My paper (with colleagues Jordan Riddell and Cory Haberman), Breaking the chain: How arrests reduce the probability of near repeat crimes, has been published in Criminal Justice Review. If you cannot access the peer reviewed version, always feel free to email and I can send an offprint PDF copy. (For those not familiar, it is totally OK/legal for me to do this!) Or if you don’t want to go to that trouble, I have a pre-print version posted here.

The main idea behind the paper is that crimes often have near-repeat patterns. That is, if you have a car break in on 100 1st St on Monday, the probability you have another car break in at 200 1st St later in the week is higher than typical. This is most often caused by the same person going and committing multiple offenses in a short time period. So a way to prevent that would on its face be to arrest the individual for the initial crime.

I estimate models showing the reduction in the probability of a near repeat crime if an arrest occurs, based on publicly available Dallas PD data (paper has links to replication code). Because near repeat in space & time is a fuzzy concept, I estimate models showing reductions in near repeats for several different space-time thresholds.

So here the model is Prob[Future Crime = I(time < t & distance < d)] ~ f[Beta*Arrest + sum(B_x*Control_x)] where the f function is a logistic function, and I plot the Beta estimates given different time and space look aheads. Points indicate statistical significance, so you can see they tend to be negative for many different crime and different specifications (with a linear coefficient of around -0.3).

Part of the reason I pursued this is that the majority of criminal justice responses to near repeat patterns in the past were target hardening or traditional police patrol. Target hardening (e.g. when a break in occurs, go to the neighbors and tell them to lock their doors) does not appear to be effective, but traditional patrol does (see the work of Rachel/Robert Santos for example).

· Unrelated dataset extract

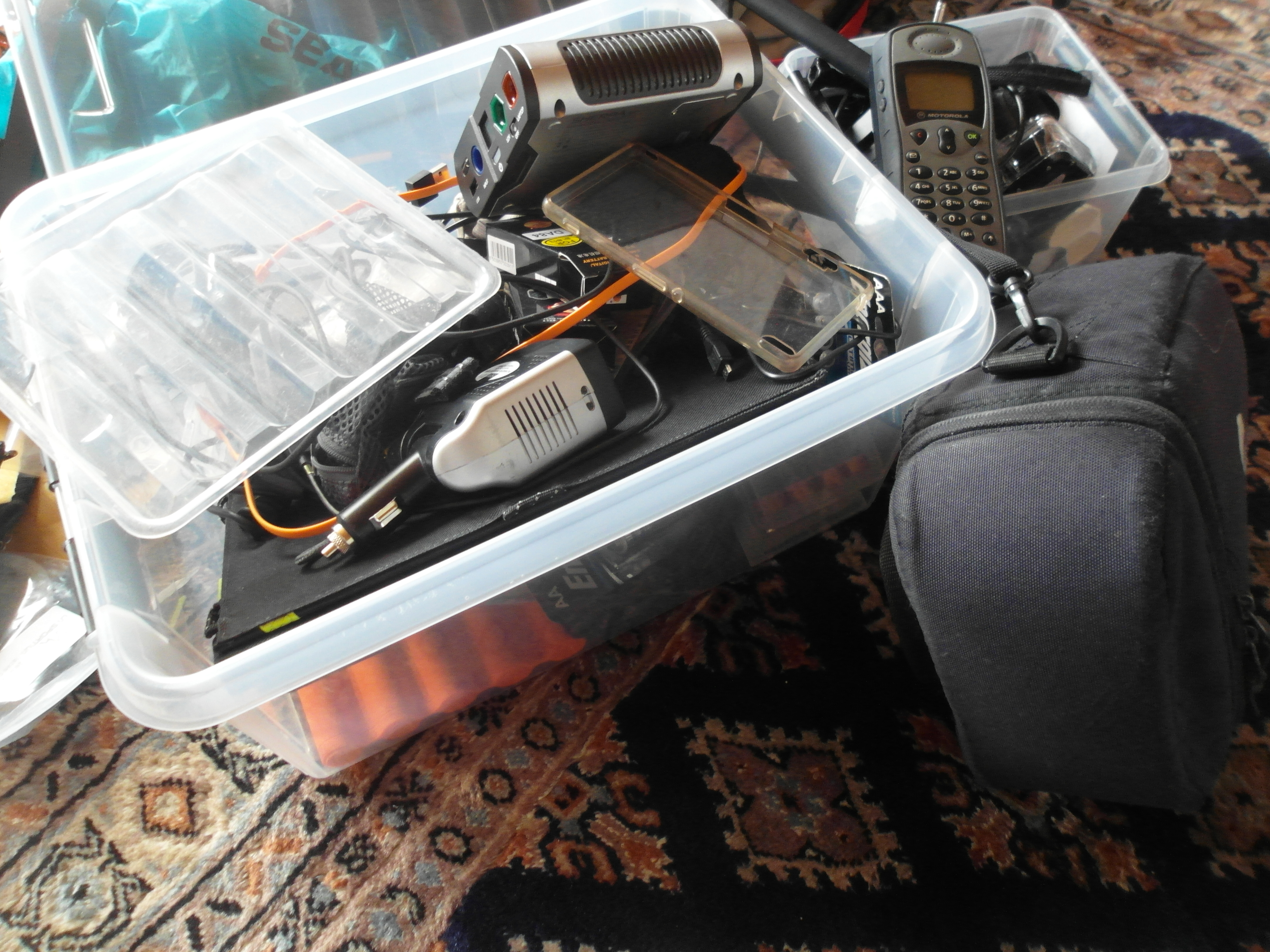 Elektoniikkapuolta mukaan lähtee myös ihan toivoton määrä…yli 6 kg. On muutama kamera, GPS, valaisimia, MP3, piipparit, kellot, kännykät ja satelliittipuhelin. Meitä on reissussa vain kaksi ja paikoin olemme pitkiä aikoja katveessa, jolloin satelliittipuhalin on ainoa keino saada yhteys ulkomaailmaan, jos jotain sattuisi. Ja näihin kaikkiin tietysti akut sekä aurinkopaneeli ja laitteet näiden akkujen lataamiseen.
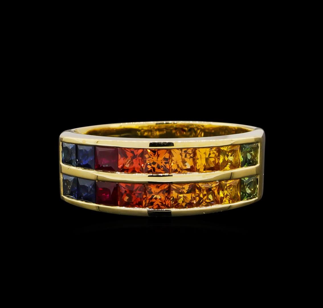 One electronically tested 14KT yellow gold lady's cast fashion ring with a two row wide band with a bright polish finish. The featured lady's ring has a shank measuring 3.45 millimeters in width. Identified with markings of "14K". Condition is new, good workmanship. Containing: Eighteen channel set princess modified brilliant cut natural multi-color sapphires, measuring 2.60 x 2.50 x 1.88mm, (depth est.) approximate total weight of 2.30ct., clarity is eye clean (Gem Dialogue The hue ranges from blue to red to orange to yellow to green.), cut is very good. Transmitting light with no distortion, transparent. Colored gemstones are presumed to have been subjected to commonly used enhancement processes. Graded in the setting. Total Weight of Colored Stones 2.30ct. Total Weight of Ring 5.10gm. GAS Appraised at $2,685.00.

It seems to me ways to increase arrest rates for crimes is a natural strategy that is worthwhile to explore for police departments. Easier said than done, but one way may be to prospectively identify incidents that are likely to spawn near repeats and give them higher priority in assigning detectives. In many urban departments, lower level property crimes are never assigned a detective at all.

Open Data and Reproducible Criminology Research

This is part of a special issue put together by Jonathan Grubb and Grant Drawve on spatial approaches to community violence. Jon and Grant specifically asked contributors to discuss a bit about open data standards and replication materials. I repost my thoughts on that here in full:

In reference to reproducibility of the results, we have provided replication materials. This includes the original data sources collated from open sources, as well as python, Stata, and SPSS scripts used to conduct the near-repeat analysis, prepare the data, generate regression models, and graph the results. The Dallas Police Department has provided one of the most comprehensive open sources of crime data among police agencies in the world (Ackerman & Rossmo, 2015; Wheeler et al., 2017), allowing us the ability to conduct this analysis. But it also identifies one particular weakness in the data as well – the inability to match the time stamp of the occurrence of an arrest to when the crime occurred. It is likely the case that open data sources provided by police departments will always need to undergo periodic revision to incorporate more information to better the analytic potential of the data.

For example, much analysis of the arrest and crime relationship relies on either aggregate UCR data (Chamlin et al., 1992), or micro level NIBRS data sources (Roberts, 2007). But both of these data sources lack specific micro level geographic identifiers (such as census tract or addresses of the events), which precludes replicating the near repeat analysis we conduct. If however NIBRS were to incorporate address level information, it would be possible to conduct a wide spread analysis of the micro level deterrence effects of arrests on near repeat crimes across many police jurisdictions. That would allow much broader generalizability of the results, and not be dependent on idiosyncratic open data sources or special relationships between academics and police departments. Although academic & police practitioner relationships are no doubt a good thing (for both police and academics), limiting the ability to conduct analysis of key policing processes to the privileged few is not.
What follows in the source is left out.